Very few horror movies are worth rewatching. Even fewer are worth watching multiple times. But there's a small select number that you can watch and get an impact every single time. Romero's first zombie flick is one of them. Oh sure, you can watch its sequel several times and still enjoy it, because it's just so damn fun. But with Night, it's very easy to watch the film and wind up going down a particular track. You can spend an entire viewing session checking out Romero's use of light and shadows. You can spend one analyzing how the film is basically humanity in a microcosm. And so forth and so on.
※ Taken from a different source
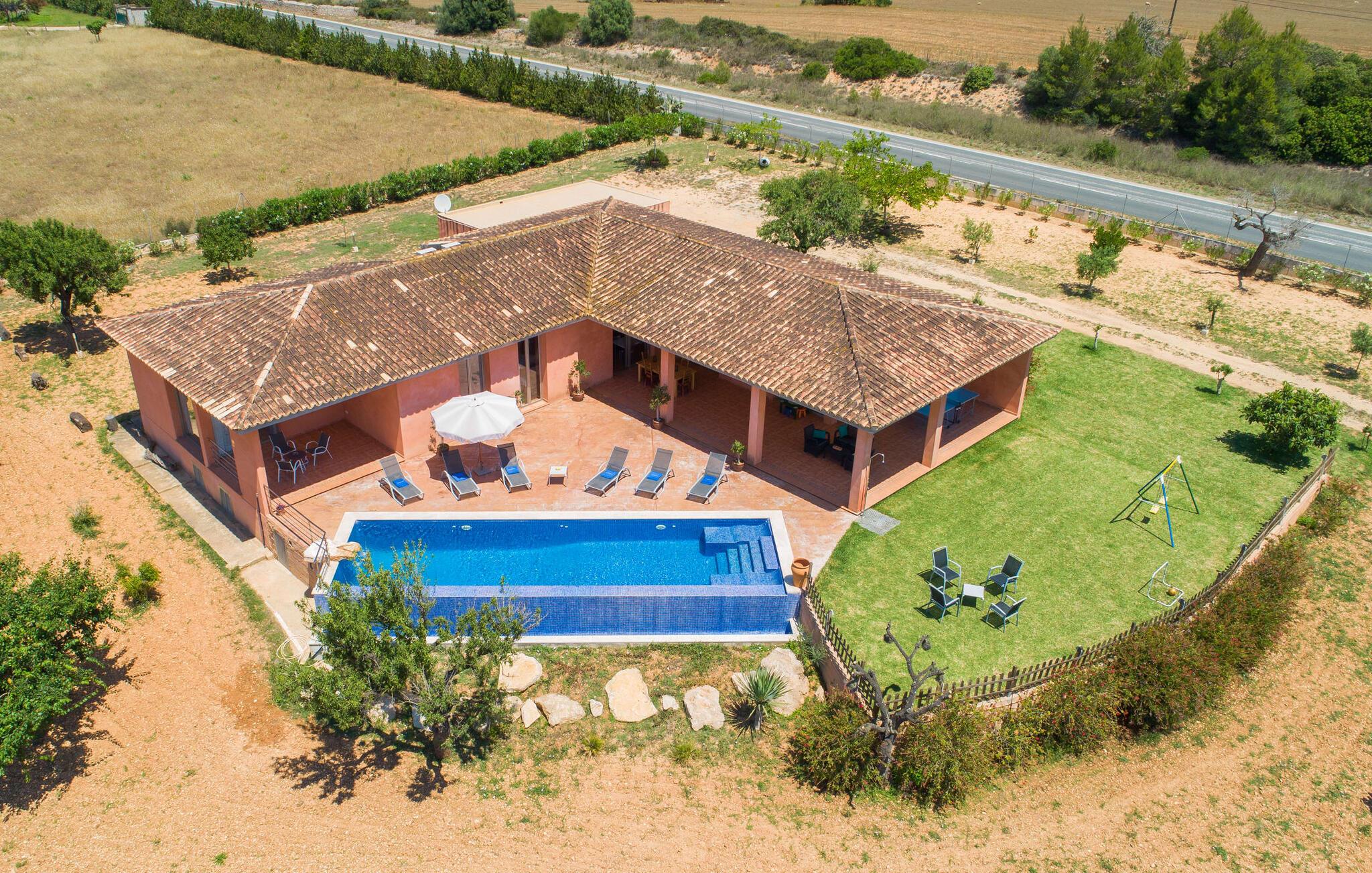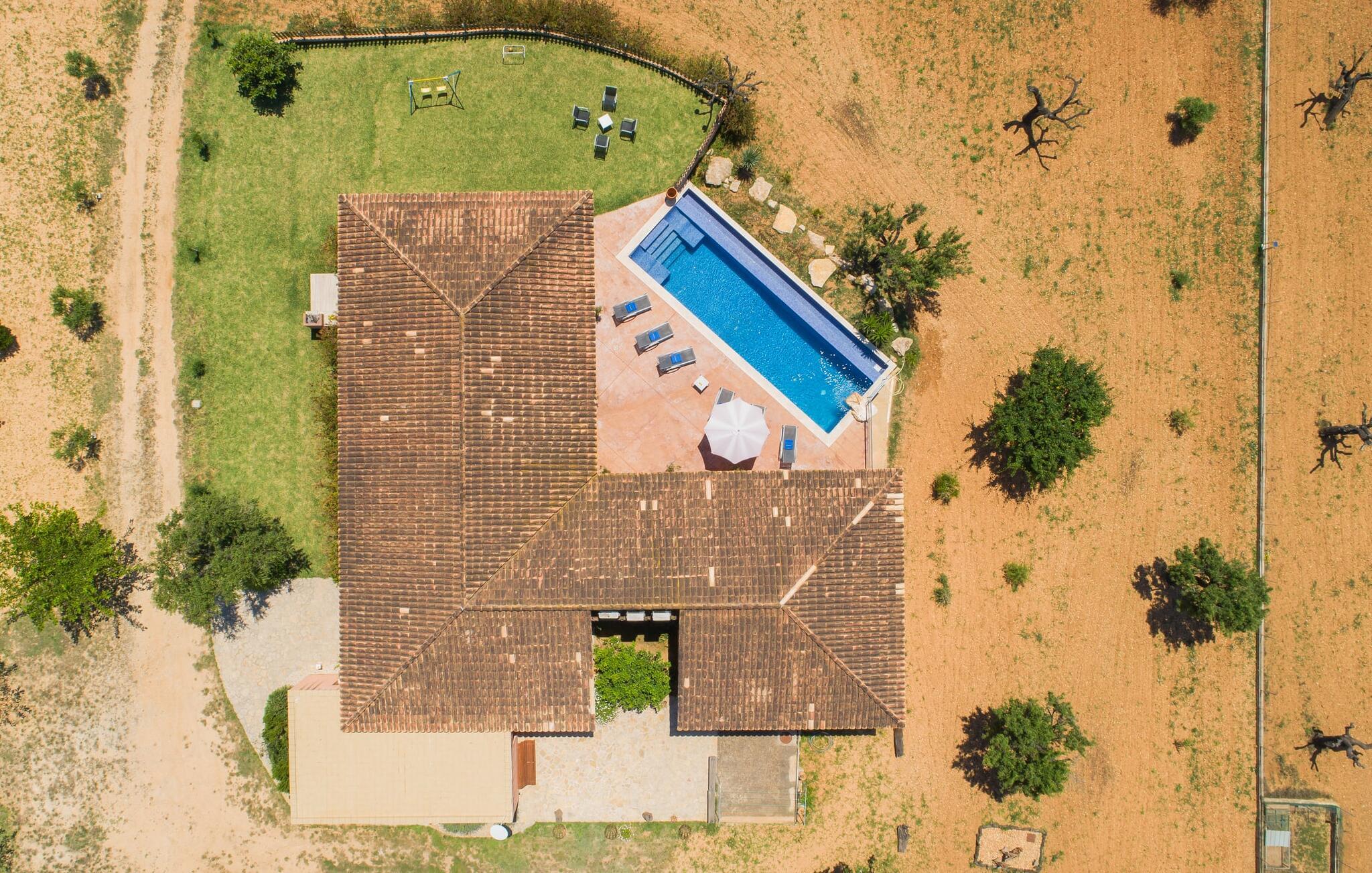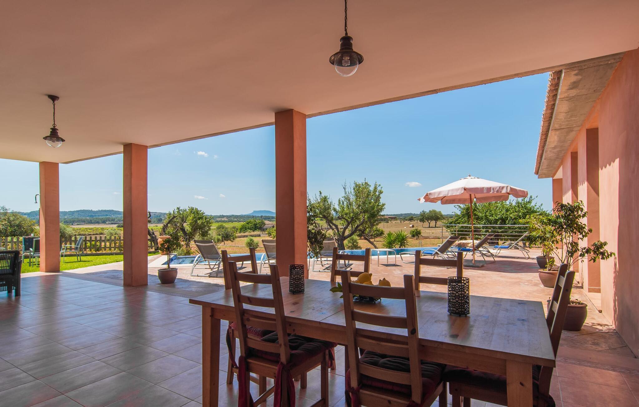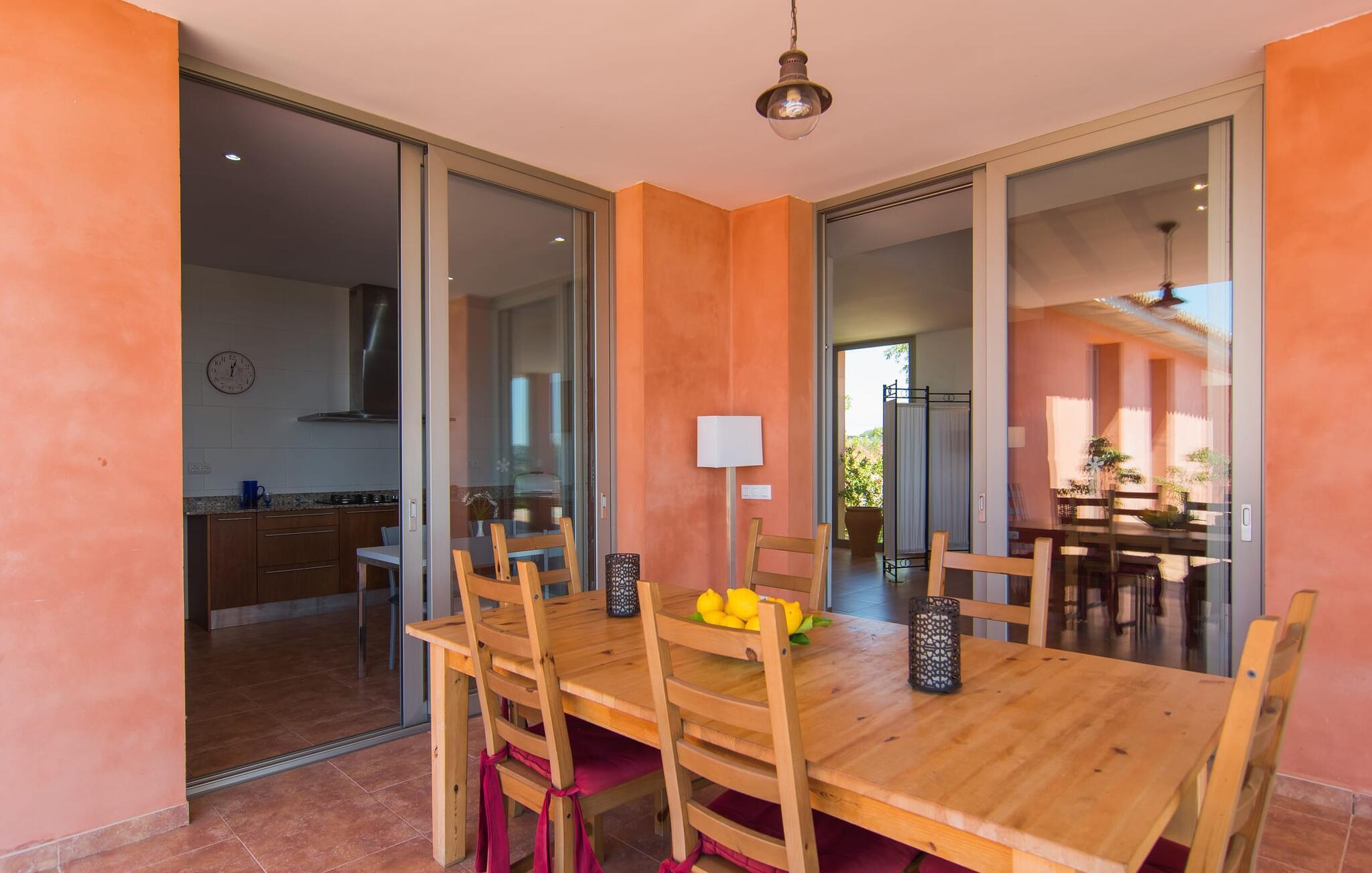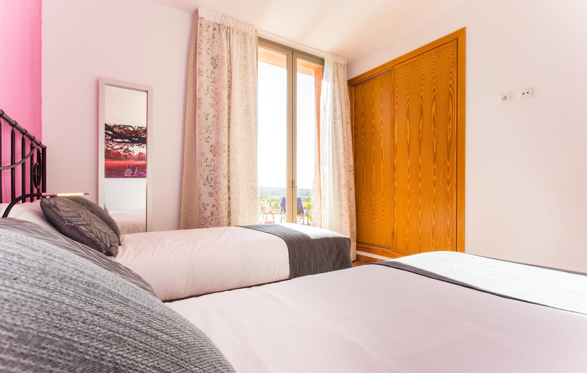 "Son Bordils Petit" har karakter af en ung, frugtig Prosecco frem for en langsomt modnet sen høst, som den dyrkes og sælges i den nærliggende "Ses Bordils"-vingård. Begge vil dog lige byde feinschmeckere, der værdsætter fordelene ved begge dele. Og denne villa har så meget at byde på, som vil fortrylle dig: dens smukke L-form med overdækkede terrasser, der fanger så meget lys - I kan se alt og alle her og bevæge jer med solen; infinity-poolen med dens komfortable trin og udsigt over mandeltræerne - I vil føle, at I blomstrer med dem, mens I svømmer runder; det lille grønne område med gynger - børn nyder deres egen legeplads; I er velkommen til at plukke frugt fra villaens figen-, blomme-, mispel- og abrikostræer, og friske æg er gratis - I vil ikke have for noget. Selvom ejendommen har "petit" i sit navn, er det eneste, der får det til at virke lille, de fjerne bjerge, der får det til at virke endnu mere betydningsfuldt. Et panorama at skåle for, med Coll-familiens prisvindende vin ved siden af... Der er også noget sprudlende over interiøret - hvis I ser rød, pink, blå og lilla, er det ikke fordi, I har haft lidt for meget til drikke. Den dristige brug af farve på individuelle vægge i stuen og soveværelset gør hvert værelse særpræget og suppleres smagfuldt af matchende billeder og møbler. Sådan ser livsstilen ud kombineret med livsglæde og fortjener bestemt navnet "Gran Reserva". Uanset hvilket soveværelse I vælger, kan I hoppe direkte ud af sengen ud i det fri og poolen - selvom der kan være skænderier om det ensuite badeværelse og walk-in closet! Det moderne, kompakte køkken med gulv-til-loft glasdøre udstråler kvalitet og lader intet tilbage at ønske; Med blot et par enkle trin kan I forvandle jeres indendørs og udendørs rum til jeres egen vinbar og bistro, der holder åbent til langt ud på natten. Og når det bliver varmt – hvad med et forfriskende brusebad? Eller, hvis I foretrækker det, et langt, afslappende bad i et badekar med levende lys? Da der er tre badeværelser, kan I sagtens tillade jer at indtage det ene i en periode. Mallorcas centrum inviterer jer til at finde jeres naturlige balance! By og land, centralt beliggende, men stadig lidt væk fra alfarvej - den tætte nærhed til Ma-3240 til Sineu (hørbar uden for villaen) betyder, at I kan være på farten næsten med det samme. Derfra er det kun 7 minutters kørsel nordpå til Inca, en af øens livlige hovedbyer. Traditionelle kældertaverner som Celler Can Amer på Carrer de la Pau byder på et udpluk af regionens specialiteter, og I kan ofte finde et kup i de mange læderværksteder. Eller se over skuldrene på skomagerne i det nærliggende Lloseta, og forkæl jer selv med et par Bestard-bjergstøvler til en vandretur i Serra de Tramuntana-bjergene. Når I rejser gennem en region fuld af vindmøller mod Sineu og Costitx, vil I finde andre traditionelle attraktioner som det populære ugentlige marked (med middelalderlige omgivelser), det eneste observatorium på Mallorca og mange kulinariske overraskelser. Og selvfølgelig god vin lagret under den spanske sol... Med sin bjergrige kulisse, der passer til et filmsæt, sine vinstokke og frugttræer, bekvemt placeret mellem byen Inca - berømt for sit læder - og landlige Costitx i hjertet. -etagers, moderne villa "Son Bordils Petit" med en vidunderlig pool og stor grund venter jer på øen. På den ene side er der endeløse timers shopping, på den anden side venter vindmøller, et observatorium og øens historie på at forføre jer. Havet er heller ikke langt væk: I finder smukke strande inden for en radius af 30 km.

This time around I was struck by the slow escalation of shocks. By now, we're used to see all kinds of atrocities on the news. And we've, you know, watched a lot more zombie movies. So the novelty of the film can be lost to those who don't know any better. But think about how an audience back then would enter into the film: it starts off normal, with the brother and sister in the cemetery. Once it turns, though, it keeps going, slow and relentless. At first, the zombies are just a murderous mob. We are introduced to more than one corpse. Then it's mentioned on the news about the fact that "assassins" are now eating the flesh of their victims. After that point, it is made clear that yes, they were dealing with re-animated corpses. Only aways into the film do you actually see the flesh-eating taking place, and again, we're used to it. It's a staple of Romero zombie flicks to have the buffet scene. Multiple shots of the zombies going to town.

But, man, what I wouldn't have given to have been sitting in the cinema in 1968 and seen the first showing of that. A probably mostly virgin audience, and Romero leads them down the path bit by bit, shock by shock. But that's not the worst part, of course. There's worse shocks than that. The daughter eating her father and killing her mother with a garden trowel…that disturbs me more now than it did when I first saw the film. The sister being dragged to her death by her own reanimated brother. And then the final, incredible sequence with Ben's final fate. It still amazes now and I don't know how many times I've seen the movie.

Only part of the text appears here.